### Task requirements
Starting at the line below that contains "Ewakuacja szkoły. Bezpieczeństwo" and ending at the line that contains "深海に行けることを想像して、", retype each line exactly as it stands, but omit the pictures.

### Data for this exercise
○ ○ ○ ○

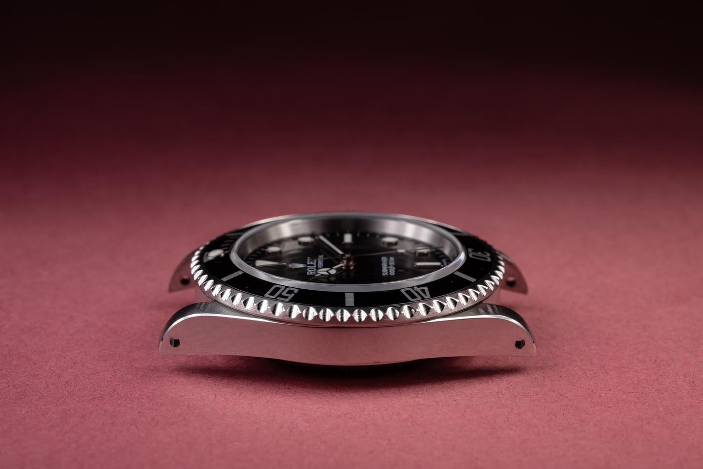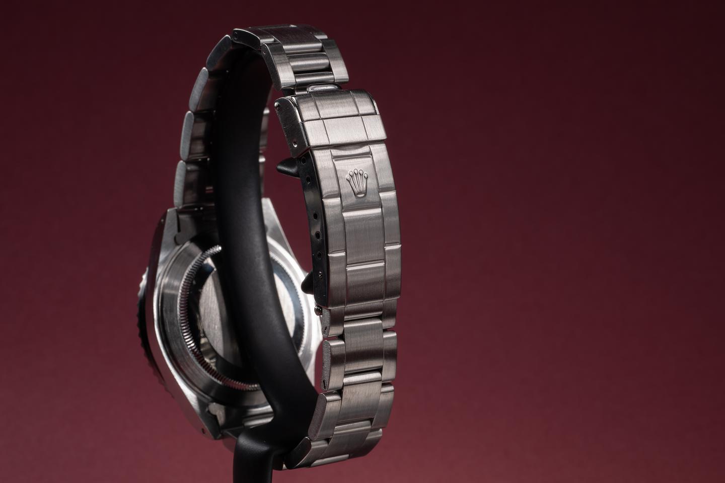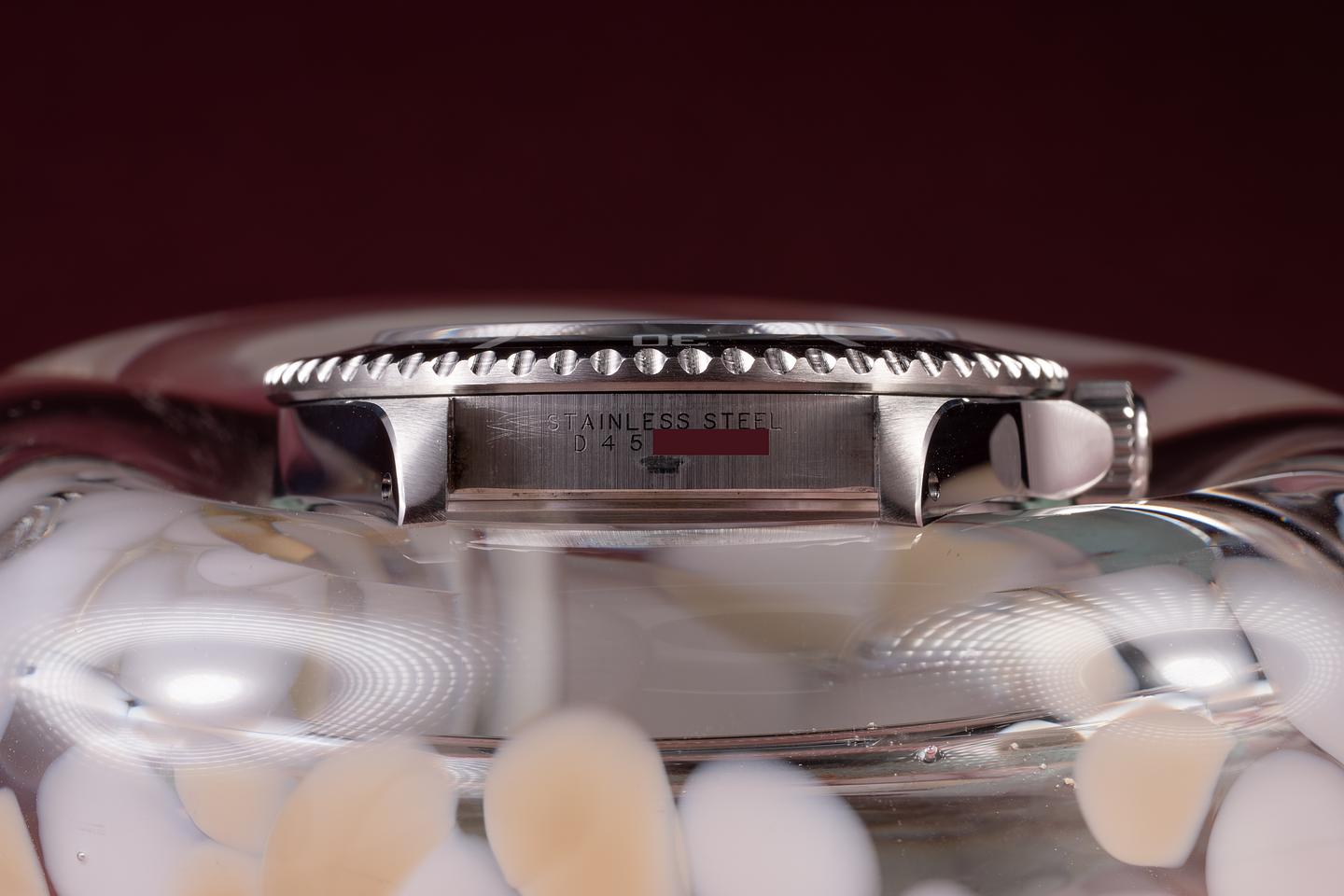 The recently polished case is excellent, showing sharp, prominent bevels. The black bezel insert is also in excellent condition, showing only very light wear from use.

○ ○ ○ ○

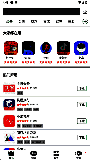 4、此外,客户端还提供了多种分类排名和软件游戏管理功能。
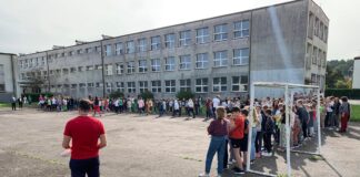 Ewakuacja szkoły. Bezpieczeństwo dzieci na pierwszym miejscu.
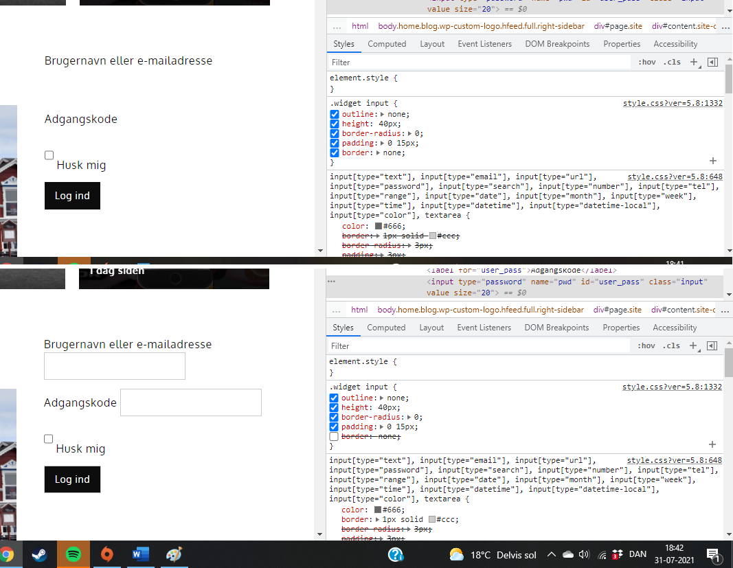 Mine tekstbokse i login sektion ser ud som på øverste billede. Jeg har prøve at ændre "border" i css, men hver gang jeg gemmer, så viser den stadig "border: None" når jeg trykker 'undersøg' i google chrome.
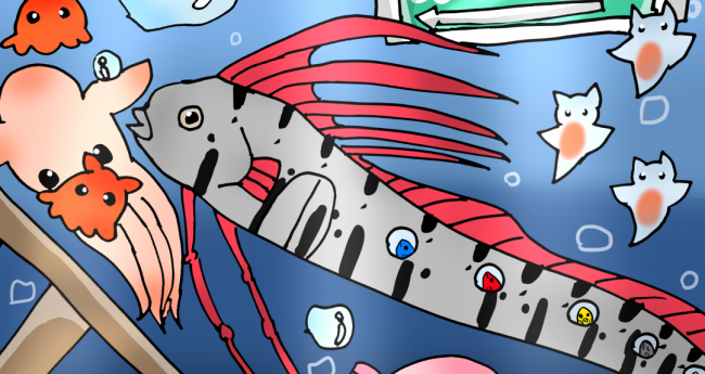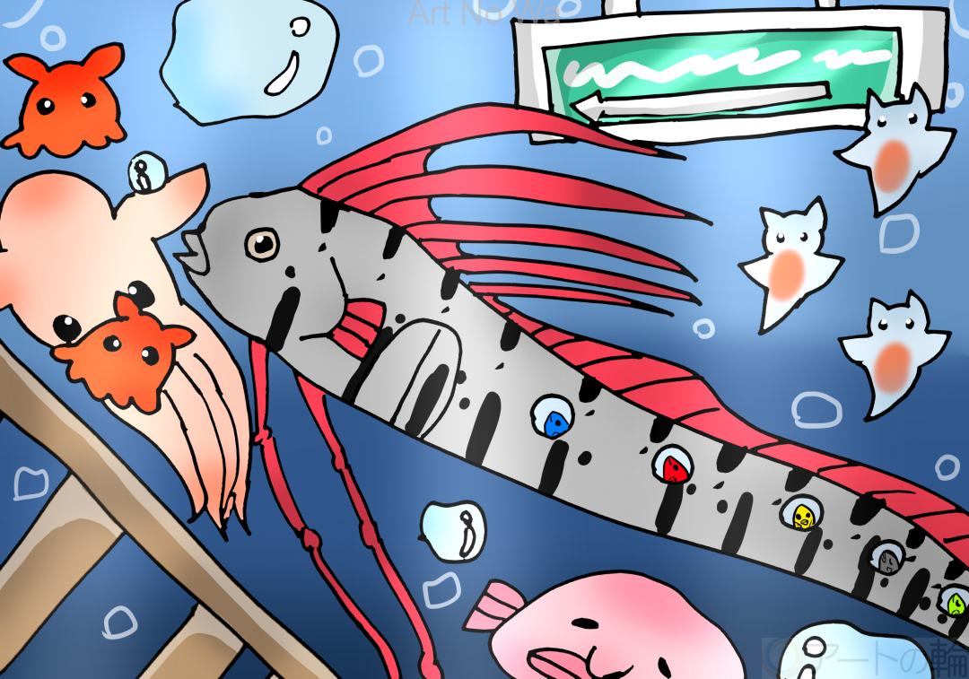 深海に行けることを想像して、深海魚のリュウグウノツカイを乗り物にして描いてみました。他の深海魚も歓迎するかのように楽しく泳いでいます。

○ ○ ○ ○

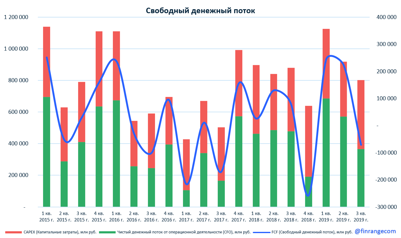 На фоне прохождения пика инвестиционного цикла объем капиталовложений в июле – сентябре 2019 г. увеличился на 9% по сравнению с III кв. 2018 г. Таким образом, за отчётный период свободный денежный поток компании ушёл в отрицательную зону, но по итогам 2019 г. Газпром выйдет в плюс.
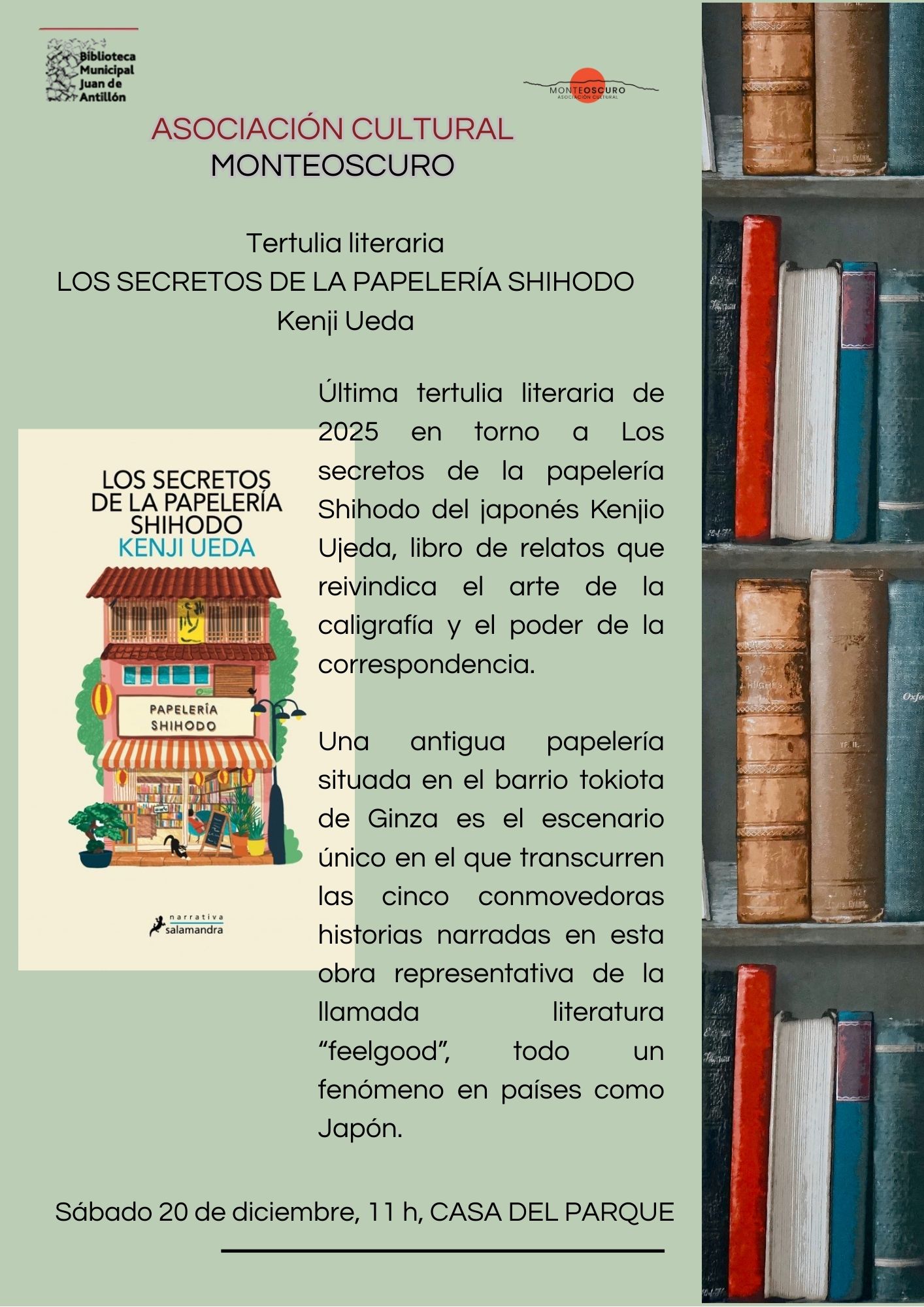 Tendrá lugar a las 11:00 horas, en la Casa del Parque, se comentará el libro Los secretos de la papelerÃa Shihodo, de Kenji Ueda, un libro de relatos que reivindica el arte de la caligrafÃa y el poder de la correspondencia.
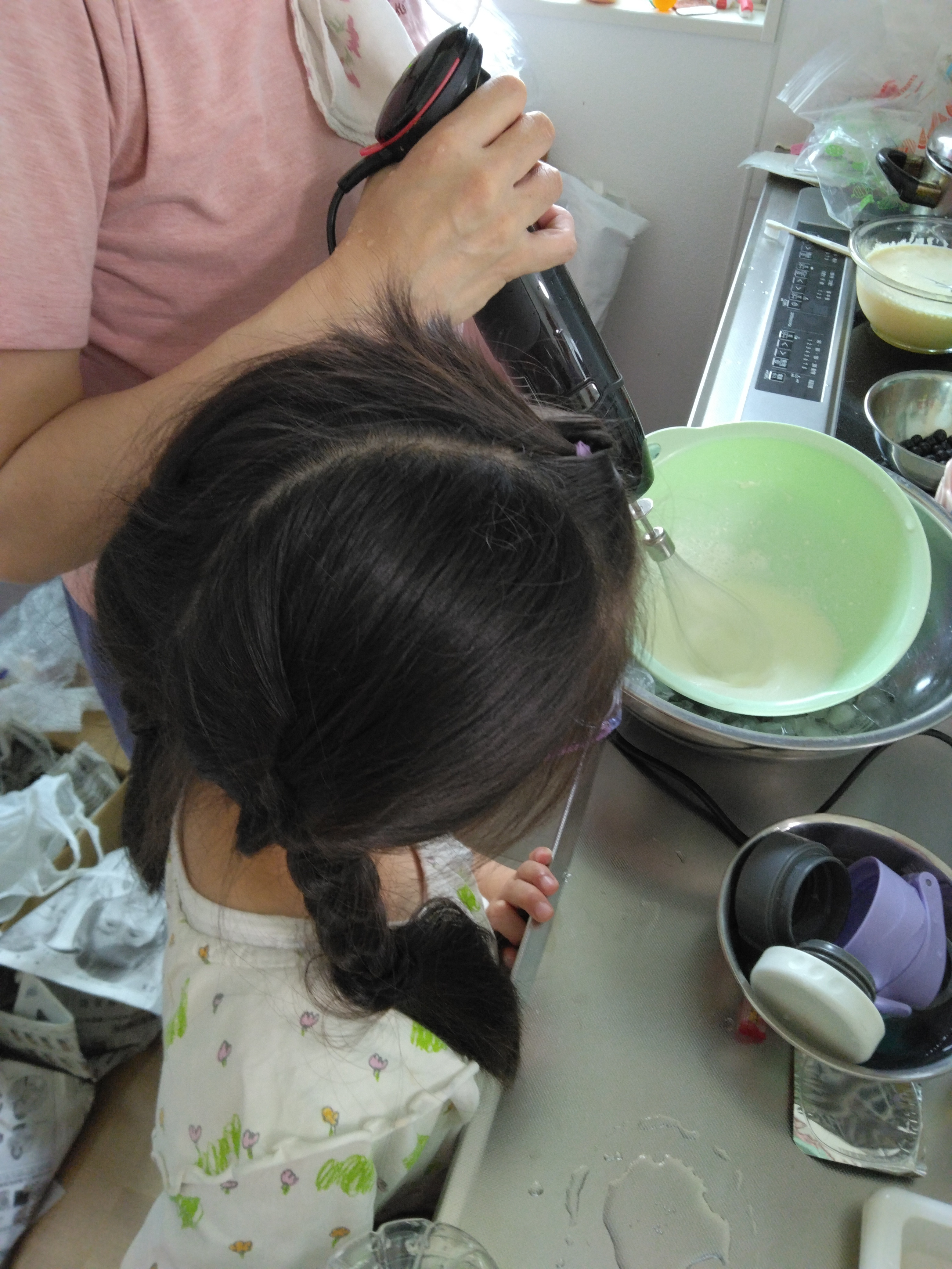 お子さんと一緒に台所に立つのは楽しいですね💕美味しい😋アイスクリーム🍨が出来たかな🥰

○ ○ ○ ○

### Task answer
 Ewakuacja szkoły. Bezpieczeństwo dzieci na pierwszym miejscu.
 Mine tekstbokse i login sektion ser ud som på øverste billede. Jeg har prøve at ændre "border" i css, men hver gang jeg gemmer, så viser den stadig "border: None" når jeg trykker 'undersøg' i google chrome.
 深海に行けることを想像して、深海魚のリュウグウノツカイを乗り物にして描いてみました。他の深海魚も歓迎するかのように楽しく泳いでいます。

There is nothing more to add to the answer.